Low Cal Strawberry Cheesecake Bars
Prep 40 minutes
Chill 6 hours - Overnight
230 g Almond Meal (2 cups)
80 g Almonds, finely copped (1/2 cup)
125 g Unsalted Butter, melted (1/2 cup)
1 tablespoon Natvia
200 g Natvia Strawberry Fruit Spread, plus extra for serving
2 tablespoon Natvia, blitzed to fine consistency
500 g Cream Cheese, softened
1 teaspoon Gelatine
1 tablespoon Hot Water
- Preheat oven to 180C. Grease and line a 20cm x 20cm cake tin.
- In a bowl combine all of the ingredients for the base and mix. Once combined, pour into the prepared cake tin, pressing it down firmly and ensuring it’s evenly dispersed.
- Bake for 15-18 minutes or until golden.
- In a stand mixer, beat the cream cheese and Natvia together using the paddle attachment.
- In a small bowl combine the hot water and gelatine and stir, until the gelatine is dissolved.

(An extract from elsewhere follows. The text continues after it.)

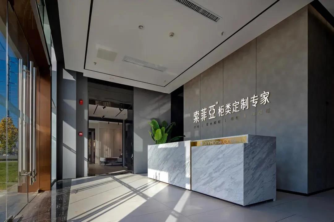 门头是品牌的主要外部标志,来到这个3000平的店,首先映入眼帘的是索菲亚柜类定制专家灰色调的高级感门头,以品牌视觉logo和slogan结合索菲亚SI终端系统,强化了品牌定位和视觉记忆力。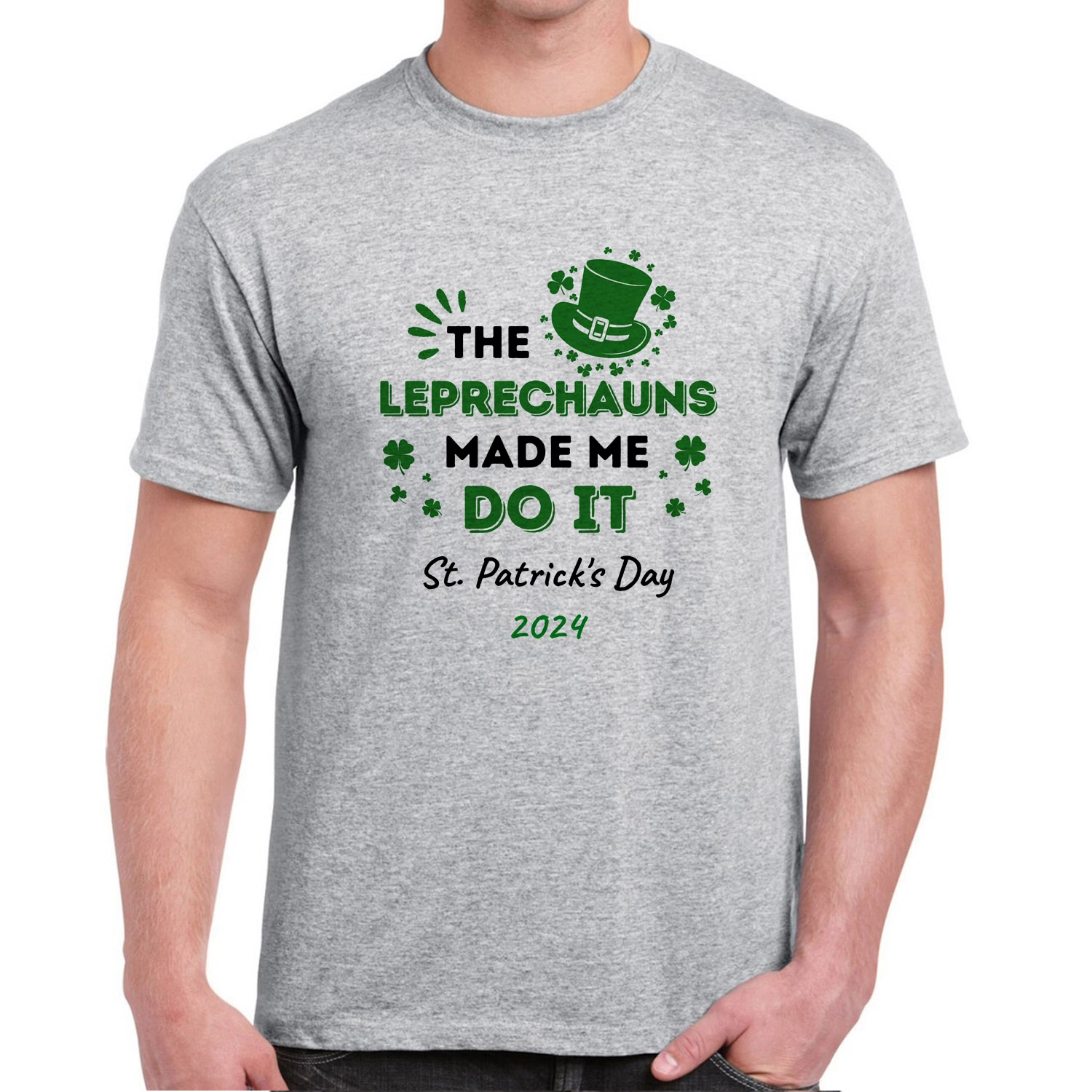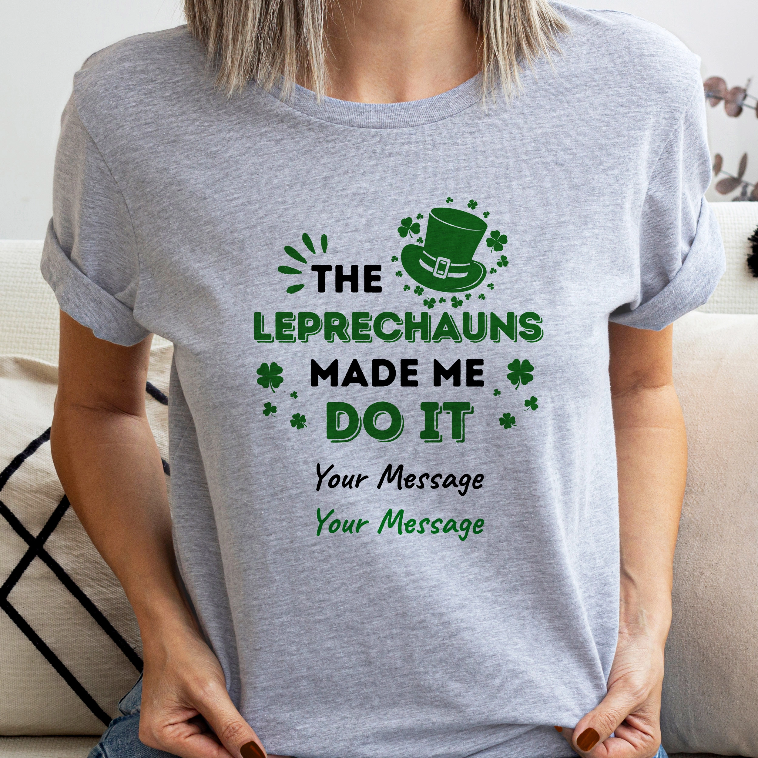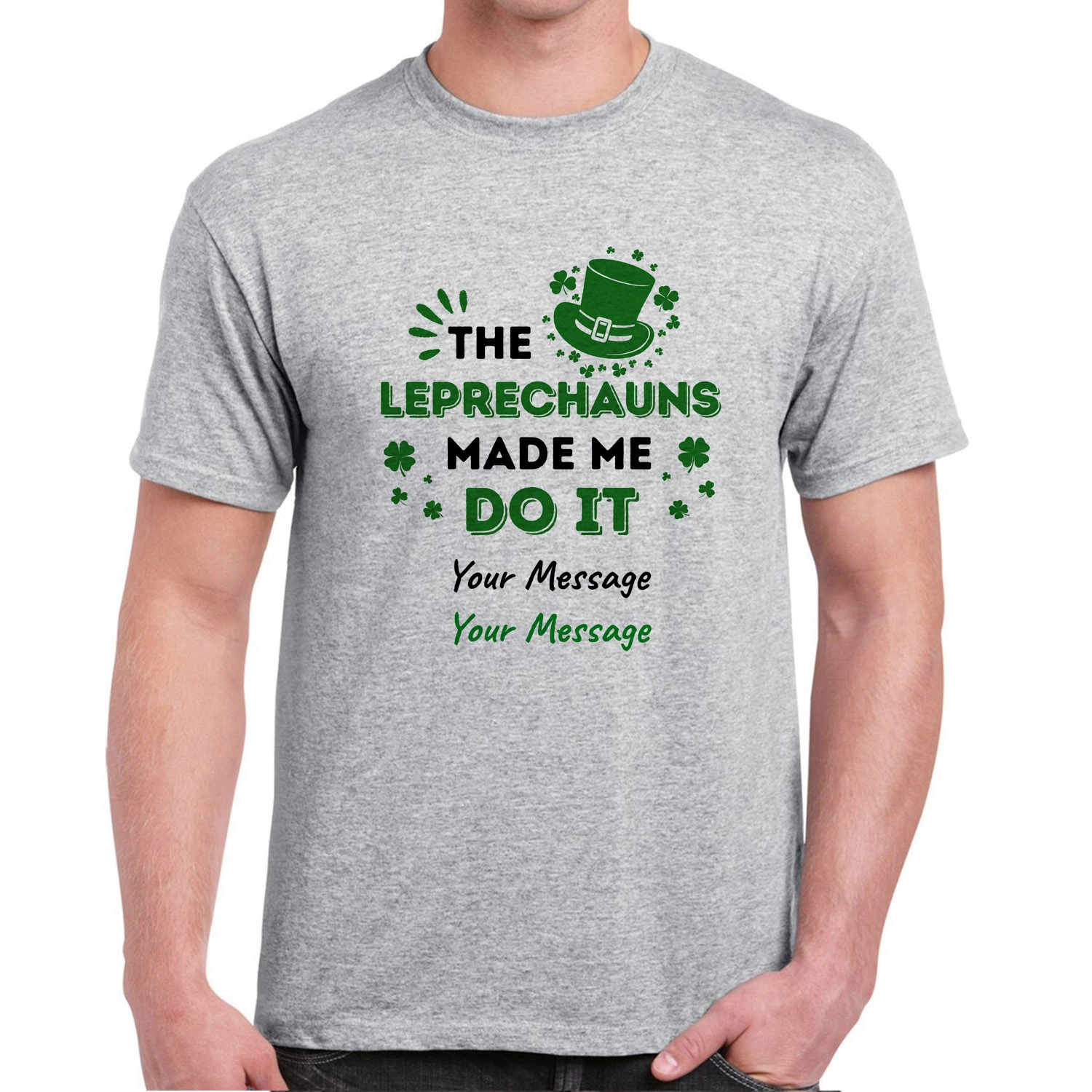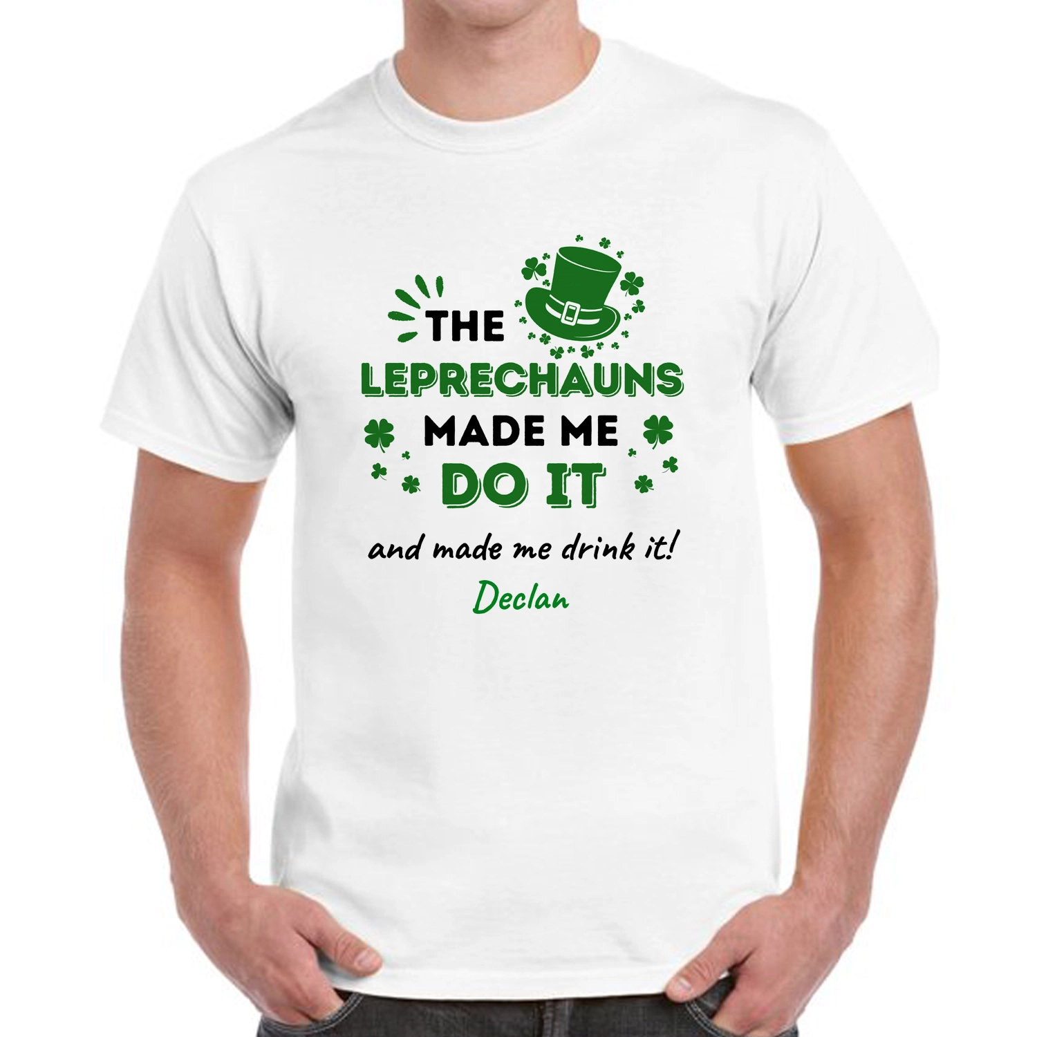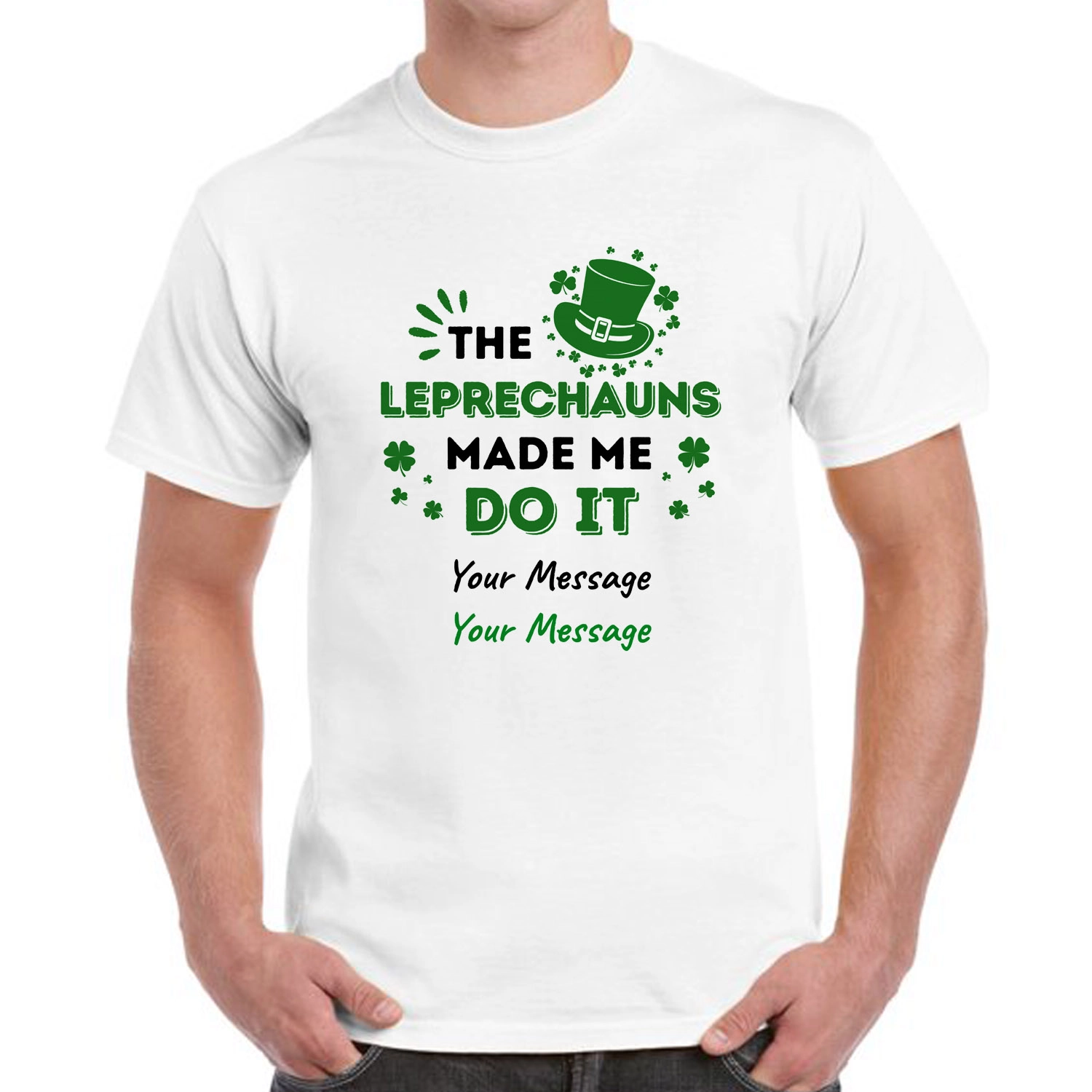 The fun tee says The Leprechauns Made Me Do It. You can put your name and message on it.

- Add the fruit spread to the cream cheese mixture and continue to beat until smooth.
- Add the gelatine and mix again.
- Pour the mixture onto the cooked and cooled base, smoothing the top.
- Transfer to the refrigerator to set (ideally overnight).
- To serve, top with extra Natvia strawberry fruit spread.